Fred was quiet for a while, thinking about the thing he’d barely caught a glimpse of back in the hole; a white, slithering thing he’d only seen at the edge of his vision but suspected might be haunting his dreams that very night. Charlie, after his bout of being talkative, went back to a more normal period of silent drinking, which was fine by Fred. He was getting settled in for a long evening, and in truth was looking forward to the eventual oblivion the booze would bring.
Scraps of information came back from Hopman’s Hollow over the next few hours, the gist of which was mostly more of the same.
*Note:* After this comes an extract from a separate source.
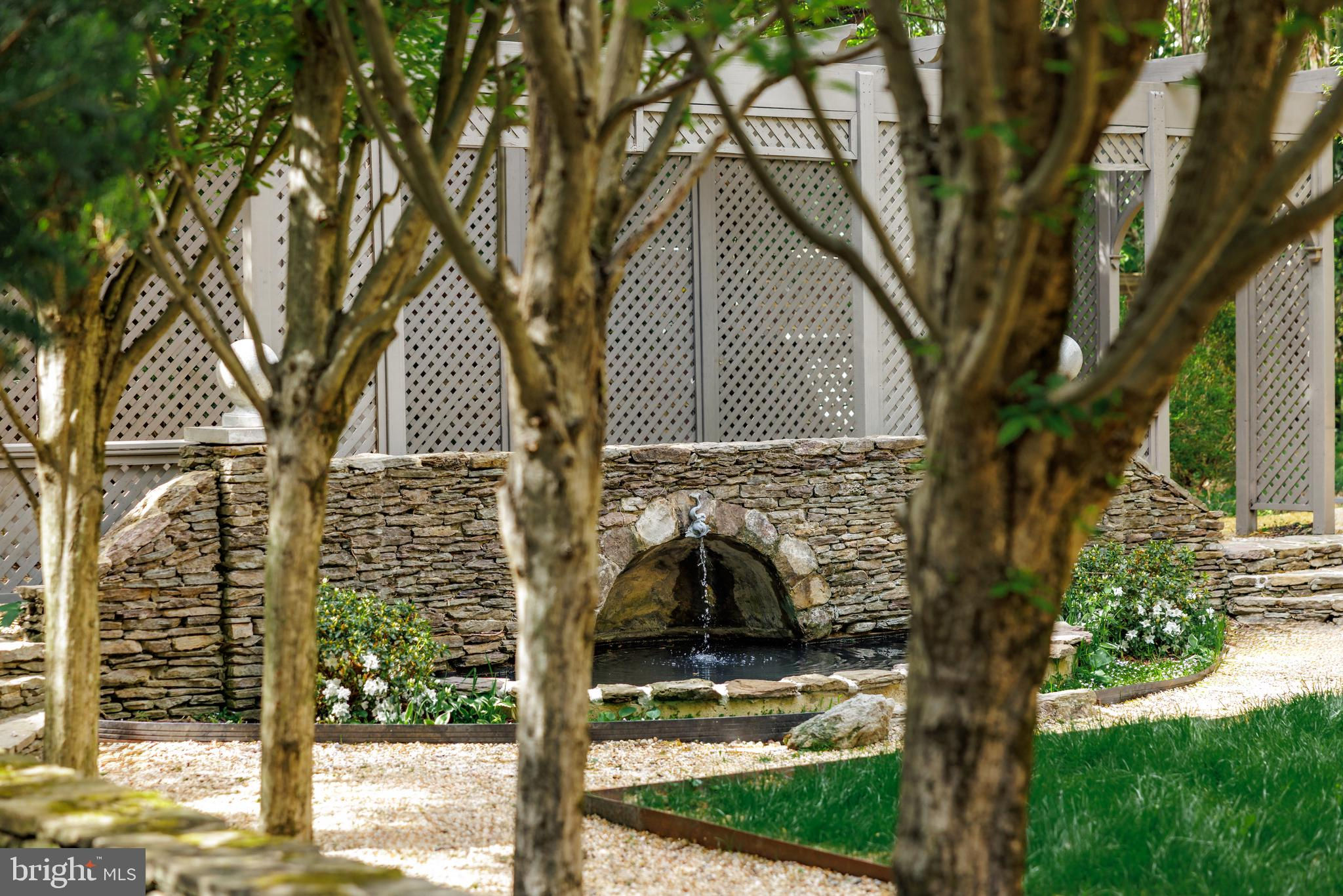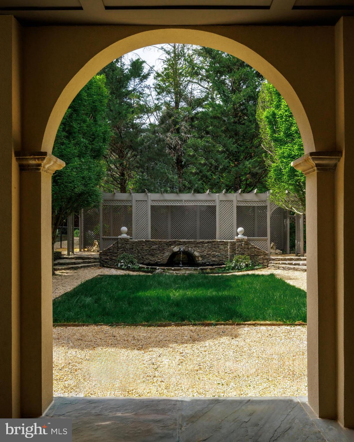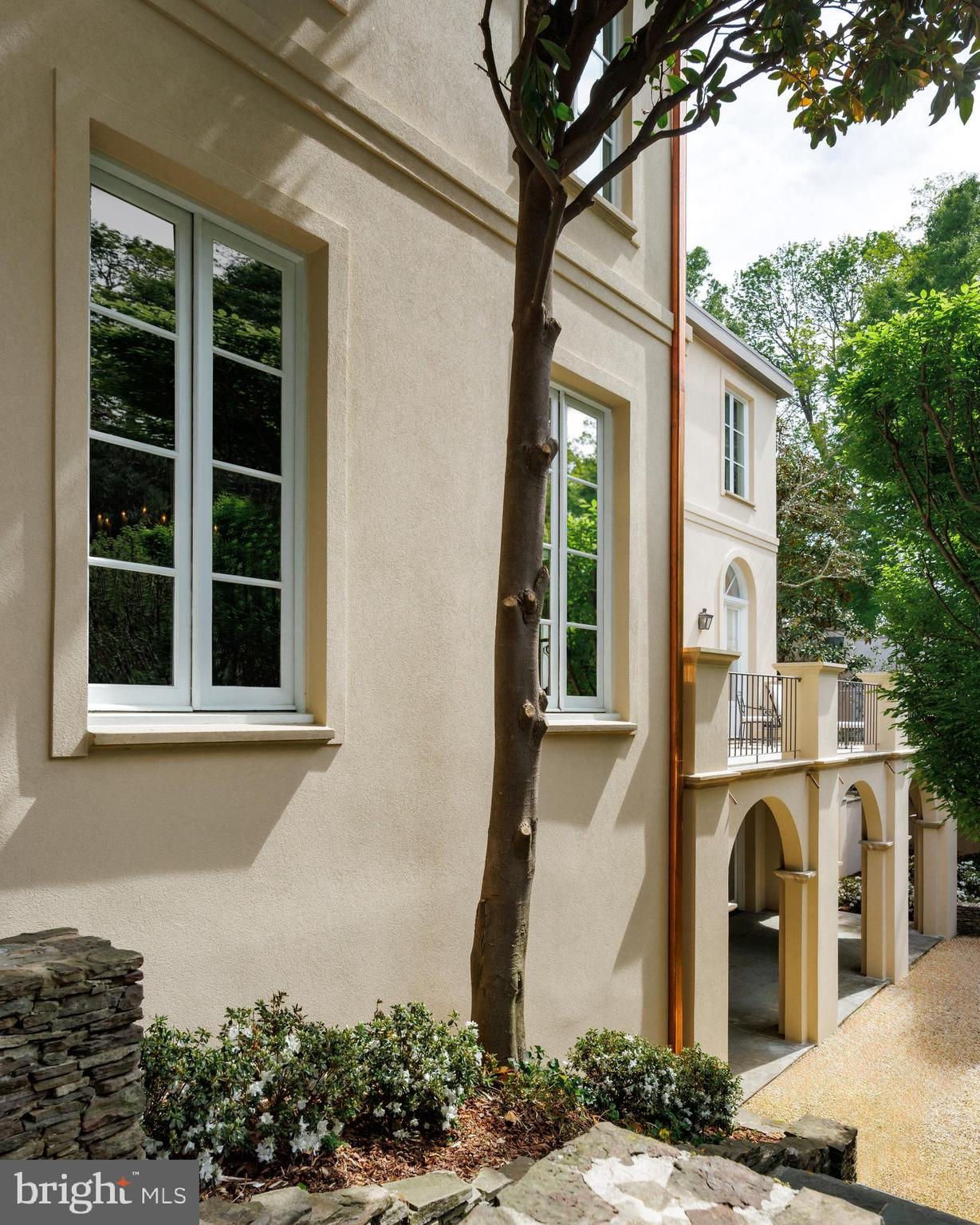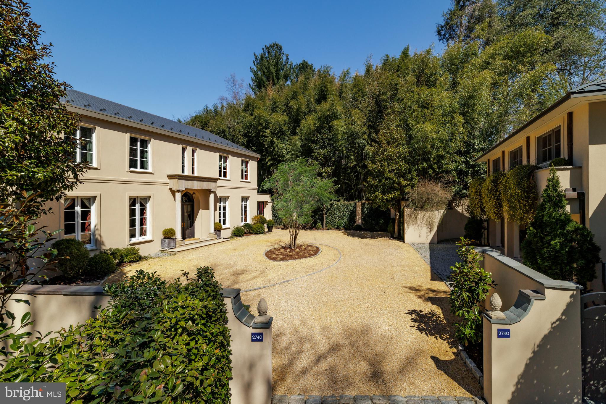 Branching off the prestigious Chain Bridge Road NW is a hidden private drive. The hedge-lined path meanders through verdant foliage to reveal a walled, circular pea gravel motor court upon which sits an elegant estate home. Evoking cues from the most vaunted European country homes – part Tuscan villa and part French provincial – the estate was created from the ground up by its visionary owner-developer. Constructed out of cinder block with thick walls and a recently refinished triple-coat stucco exterior, the home is a true fortress of luxury. Stepping beneath the lofty portico and through arched double doors reveals the grand gallery, spanning the entire depth of the home. Hand-painted in a striking faux green finish by British artist Malcolm Robson to complement refinished herringbone floors, it sets the tone for the formal spaces. Soaring 11-foot ceilings, 8-foot solid mahogany doors, and elaborate P.E. Guérin hardware — including custom windows with crémone fittings — are testaments to the level of detail throughout. The formal living room boasts custom plaster crown molding and an 18th-century French limestone fireplace mantle. Spanning 32 feet, it opens onto the rear terrace via twin sets of French doors. A 19th-century French marble fireplace mantle anchors the formal dining room, enhanced by mahogany paneling and Braquenié curtains in the La Rivière Enchantée pattern. Recently expanded, the chef’s kitchen is divided into prep and cooking areas: one traditional, the other contemporary. Viking, Sub-Zero, Miele, and Gaggenau appliances represent top-of-the-line offerings, including six burners. A mahogany breakfast room completes the main level. A vestibule leads to the upper-level primary wing. The bedroom features a raised pearl white ceiling and 18th-century Braquenié Le Grand Génois floral-patterned padded walls. The bath offers checkered marble floors, dual vanities, a jetted soaking tub, walk-in shower, and separate water closet. A wraparound dressing room with built-ins and track lighting completes the suite. Two additional ensuite bedrooms are uniquely styled. The large lower-level recreation room opens through three sets of French doors to a parklike rear lawn. The exterior features a covered flagstone terrace, central lawn, al fresco dining area, and a custom stone pond set against a pergola with lattice fencing. Privacy is enhanced by a bamboo enclosure. A fourth bedroom with kitchenette and full bath can serve as a suite, with laundry and storage nearby. HVAC systems include a 2023 Carrier unit for the main and lower levels, and a heat pump for the upper level. The hot water heater was replaced in 2024. A central vacuum system and new main-level glazing further enhance comfort. Across the motor court is a separate carriage house with an inlaid cobblestone entrance, three-car garage, workshop, storage space, and trash room. Upstairs, the guest suite includes a kitchenette, full bath, living area, washer/dryer, dedicated HVAC, and private terrace. Passionately designed, meticulously crafted, and situated in one of Washington’s most coveted enclaves, 2740 Chain Bridge Road NW is more than an estate — it is a masterwork of timeless European elegance and enduring architectural integrity. Rarely does a residence so completely embody privacy, provenance, and purpose. This is a home for the discerning few — a legacy property that will continue to inspire for generations to come.

Big hole, getting bigger. There were other stories too; there would always be other stories where the Hopmans were concerned. Folks told of bodies that were there then were gone, of weird voices calling up out of the hole, and of strange diagrams seen on the walls and floor of the Hopman house just before it fell into the chasm. Fred and Charlie listened, then went back to drinking, both of them hoping to start to forget their own tribulations earlier that day.
But it was not to be.
The bar began to fill up, the crowd again full of excited chat about the hole which was the biggest thing to happen to the town in many a year. Once people heard that they’d been first on the scene, Fred and Charlie became the focus of some attention. Charlie got exasperated at first with the incessant questioning, but the pair of them quickly cottoned on to the fact that, as minor celebrities, they could squeeze a fair bit of free beer out of their story if they padded it out long enough.
Fred even started to enjoy himself, embellishing his story with new detail on each subsequent telling so that after an hour or so he had made himself out to be quite the hero. The one thing he didn’t mention was the memory of the pale thing that had moved in the pit. He kept that locked away, and after a few more beers even started to forget about it completely.